ATI Ping Pong DX10.1 Demo

DirectX 10.1 also provides pre-defined AA sample patterns that all DX10.1 compliant cards must support. This ensures a more consistent minimum level of AA image quality across all DX10.1 cards regardless of manufacturer (board manufacturers are also free to use their own custom sample patterns for even better AA quality).

PCIe 2.0

RV670 fully supports PCIe 2.0. PCIe 2.0 offers double the bandwidth of PCIe 1.1; 8.0GB/sec in each direction, providing a total of 16GB/sec of total memory bandwidth.

PowerPlay and CrossFire X

In addition to the smaller manufacturing process AMD has added a new embedded power state controller to further address RV670’s power draw. This controller monitors the GPU’s command buffer to see how extensively the GPU is being used. If the GPU is only partially taxed, the power state controller can then power down parts of the chip that aren’t being used. According to AMD “engine and memory clocks, voltages, clock gating and other parameters can be altered” as needed.

This goes much further than previous solutions AMD has implemented, which adjusted these aspects dynamically based on what applications were currently running.

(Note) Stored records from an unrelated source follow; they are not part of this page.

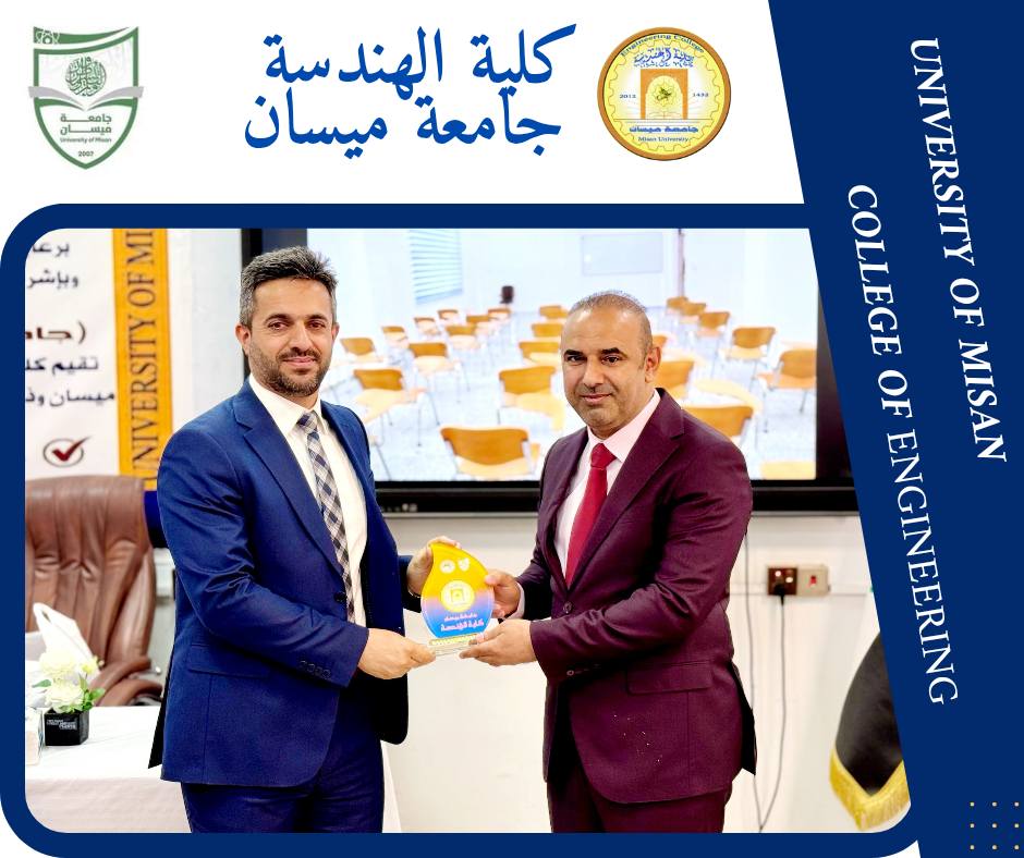 ضمن فقرات احتفالية كلية الهندسة بالذكرى الثامنة عشرة لتأسيس جامعة ميسان، أقامت الكلية فعالية خاصة لتكريم نخبة من التدريسيين والموظفين المتميزين، تقديراً لجهودهم المبذولة وعطائهم المتواصل في مختلف مفاصل العمل الأكاديمي والإداري.
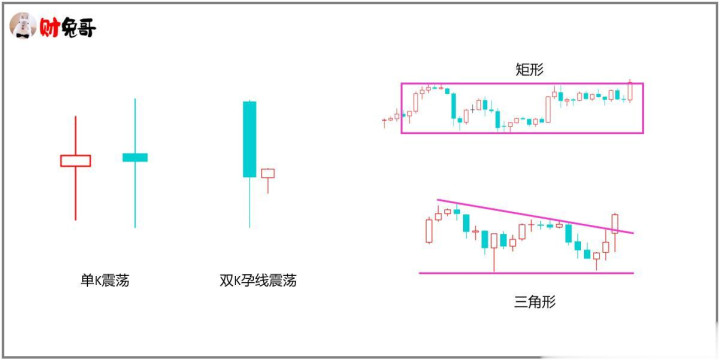 图(2) 情况1是一种突破趋势的走势形态,情况2是一种假突破的走势形态,界定这两种走势形态的一个重要特征:是否跌破区间的下沿支撑位! 震荡区间是一个重要的防守与进攻的位置区域,如果区间被突破,后市价格就不会去轻易去反向突破它,比如价格向上突破区间阻力位,后市就不会轻易反向跌破区间的下沿支撑位,若跌破下沿支撑位,就不要轻易再看多了。 震荡区间也有强弱之分,衡量一个震荡区间的,其中一个重要的参考因素是:时间跨度。时间跨度越大,那么这个震荡区间的越强,其重要性更高。 实战中,如何去运用好震荡区间的防守与进攻呢? 首先,要辨识它是震荡区间,最小的震荡区间是单K的震荡K线,其次双K的孕线形态,再到形态的矩形、三角形等。如图(3)所示:
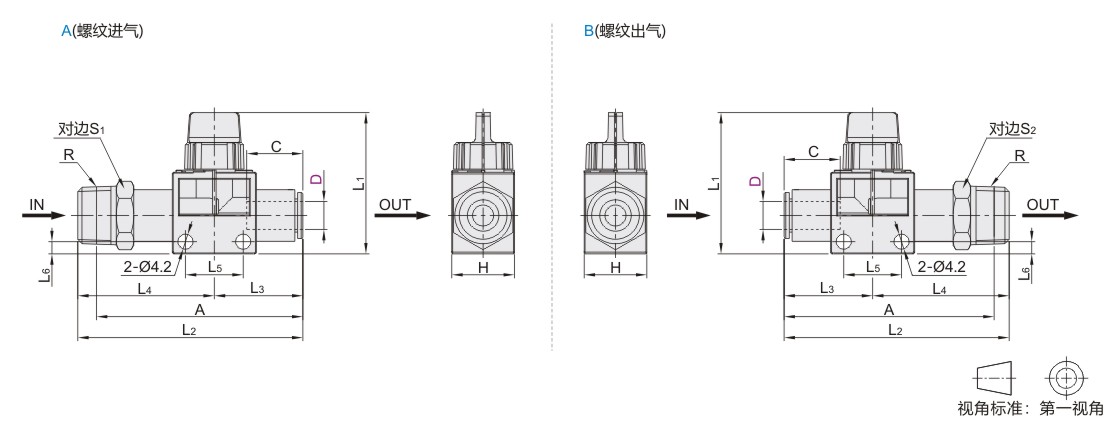 怡合达自营 经济型 手动阀 S款 单边螺纹型 快插型
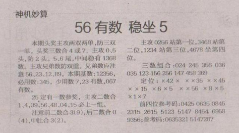 【神机妙算】第1656期预测信息<特区报>
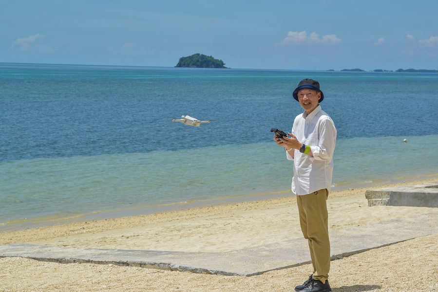 研さんがドローン撮影許可を交渉してくださり、DJI Mini 3 Proで海外初飛行。美しい景色に感動しました。
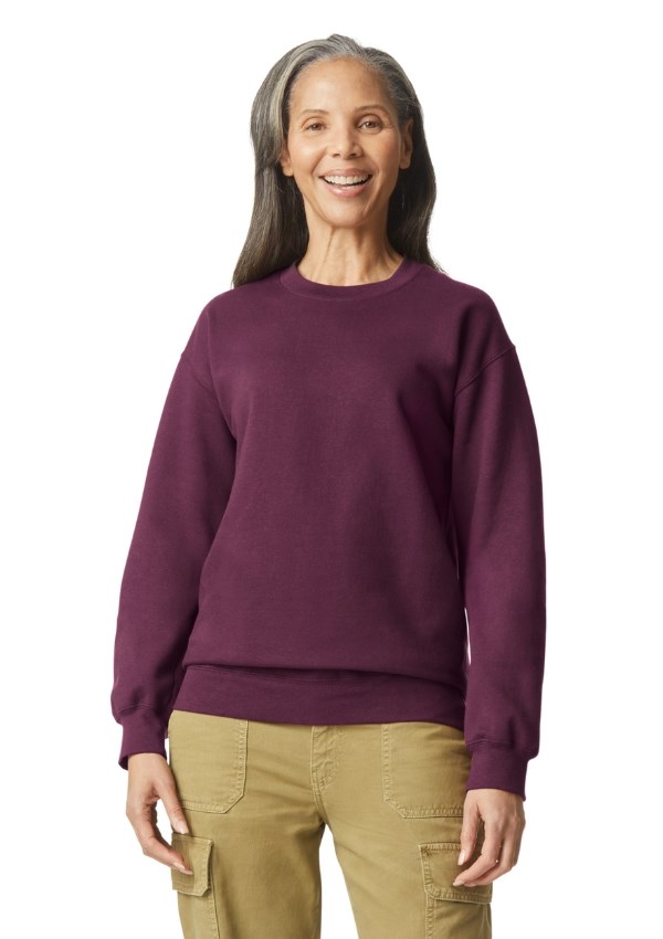 Gildan Softstyle Mid-Weight Unisex Sweater met ronde hals van zachte ringgesponnen katoenmix. De Softstyle Midweight Fleece heeft een geborstelde binnenkant met een 100% katoenen buitenkant, ideaal voor DTG-printen.
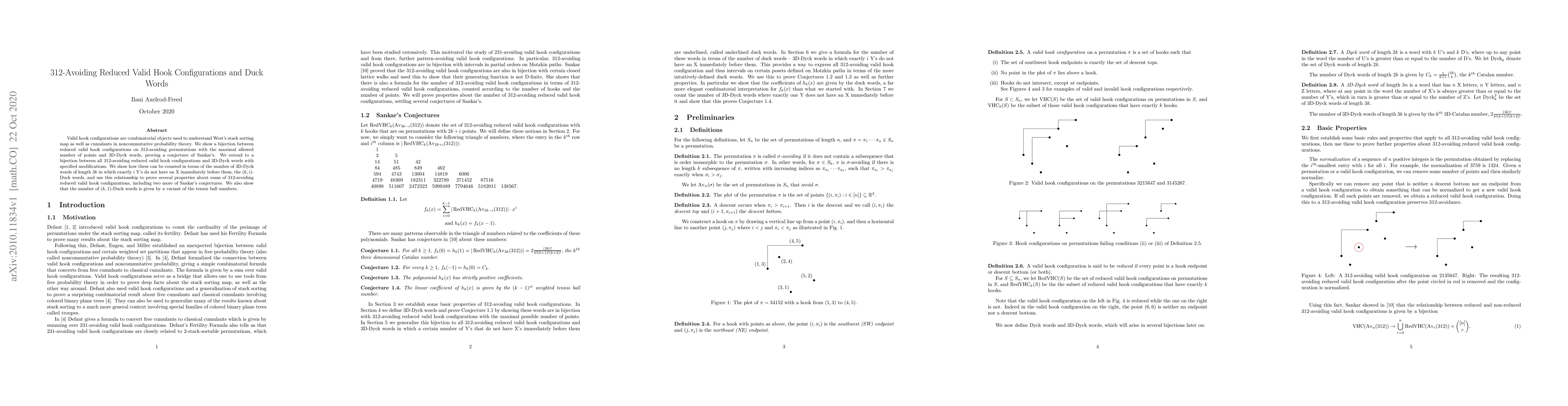 This paper establishes a bijection between 312-avoiding reduced valid hook configurations and 3D-Dyck words, proving Sankar's conjecture. It extends this to count these configurations using (k,i)-Duck words and demonstrates properties of sums of such configurations, including verifying additional conjectures.
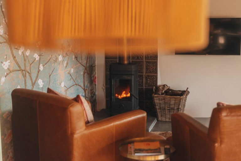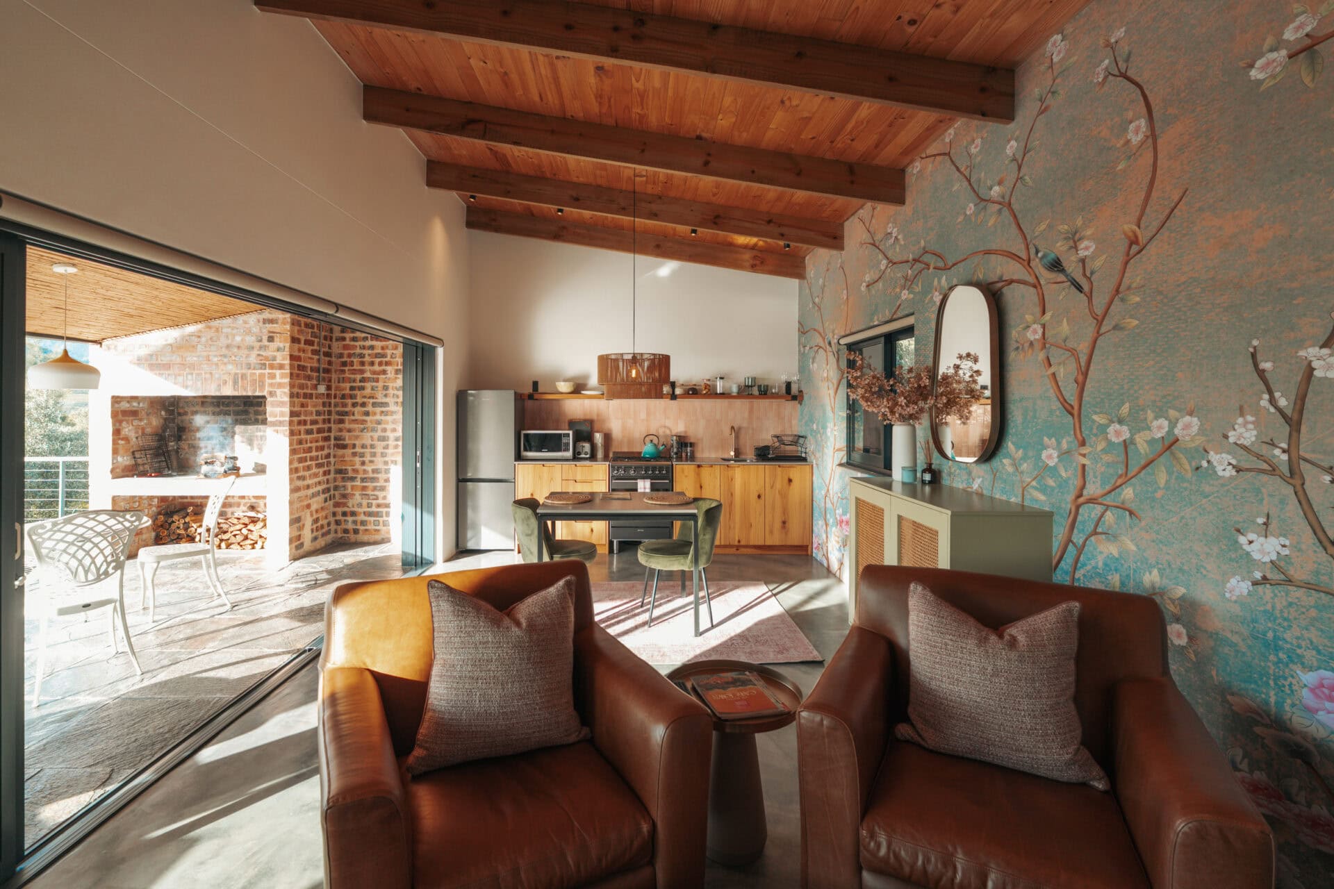 The spacious open-plan living space features a stunning Japanese inspired wallpaper, with white and pink blossoms creating a romantic backdrop. There is a small dining area and two leather armchairs with footrests positioned in front of the fireplace and TV.

Another feature RV670 supports is 4-way CrossFire support. AMD refers to this as CrossFire X. With this feature, up to four RV670 cards can be used to run up to 8 monitors (AMD has a video of this up and running here on YouTube), or the cards can be connected together to deliver a performance improvements of much greater than 2X. AMD will even provide the ability to independently overclock all four cards.

CrossFire X

CrossFire supports independent overclocking

AMD will be providing a beta CrossFire X driver sometime next month, and we’ll see an official WHQL release by the end of January 2008.

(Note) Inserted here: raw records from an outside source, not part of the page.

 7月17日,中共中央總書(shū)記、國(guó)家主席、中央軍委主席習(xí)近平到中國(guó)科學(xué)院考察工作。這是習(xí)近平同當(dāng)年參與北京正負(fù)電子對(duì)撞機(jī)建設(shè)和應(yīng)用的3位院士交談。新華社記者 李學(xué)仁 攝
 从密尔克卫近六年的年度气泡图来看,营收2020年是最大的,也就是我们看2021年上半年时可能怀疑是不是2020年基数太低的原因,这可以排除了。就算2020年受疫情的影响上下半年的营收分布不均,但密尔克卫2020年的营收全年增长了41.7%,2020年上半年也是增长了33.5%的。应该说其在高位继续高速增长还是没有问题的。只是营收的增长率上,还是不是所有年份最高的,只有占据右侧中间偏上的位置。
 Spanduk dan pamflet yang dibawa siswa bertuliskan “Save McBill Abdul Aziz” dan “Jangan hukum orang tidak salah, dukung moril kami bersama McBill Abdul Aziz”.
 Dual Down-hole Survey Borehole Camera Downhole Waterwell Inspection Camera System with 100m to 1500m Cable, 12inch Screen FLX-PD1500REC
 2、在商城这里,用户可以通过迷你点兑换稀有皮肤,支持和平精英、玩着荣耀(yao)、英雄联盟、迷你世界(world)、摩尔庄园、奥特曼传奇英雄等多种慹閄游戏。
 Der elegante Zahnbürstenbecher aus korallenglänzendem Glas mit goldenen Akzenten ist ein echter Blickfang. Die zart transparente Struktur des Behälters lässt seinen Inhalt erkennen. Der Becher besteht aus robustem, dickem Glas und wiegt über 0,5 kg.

How does RV670 stack up against G92?

The G92 GPU inside NVIDIA’s GeForce 8800 GT will be going head-to-head with the RV670 chip inside Radeon HD 3870/3850. As such, we’re sure many of you are curious to see how the two GPUs stack up against one another, as well as their predecessors. The following chart summarizes things nicely:

Mainstream GPU Comparison
	Radeon HD 3870	GeForce 8800 GT	Radeon HD 3850	GeForce 8600 GTS	Radeon HD 2600 XT
Core Clock Speed	777MHz	600MHz	670MHz	675MHz	800MHz
Stream Processor Clock Speed	777MHz	1.5GHz	670MHz	1.45GHz	800MHz
# of Stream Processors	320	112	320	32	120
Memory Clock	2.25GHz	1.8GHz	1.8GHz	1.0GHz	1.1GHz
Memory Interface	256-bit	256-bit	256-bit	256-bit	256-bit
Texture fill-rate (Gigatexels/sec)	12.4	33.6	10.7	10.8	6.4
Memory Bandwidth	72.0	57.6GB/sec	57.6GB/sec	32GB/sec	35.2GB/sec
Memory Size	512MB GDDR4	512MB GDDR3	256MB GDDR3	256MB GDDR3	256MB GDDR4
Board Power	105W	110W	95W	71W	74W
MSRP	$220	$250+	$179	$150	$150

Keep in mind that paper specs can often be deceiving, we saw this most recently with R600. With 320 stream processors, AMD clearly has more shading horsepower than NVIDIA on paper, although keep in mind that while NVIDIA has fewer shaders than AMD, they’re running significantly faster at 1.5GHz. NVIDIA’s GeForce 8800 GT also has more texturing horsepower than AMD. NVIDIA’s at a memory bandwidth disadvantage on paper, but also keep in mind that the GDDR4 memory used on the Radeon HD 3870 card runs at higher latencies than the GDDR3 used on the 8800 GT board.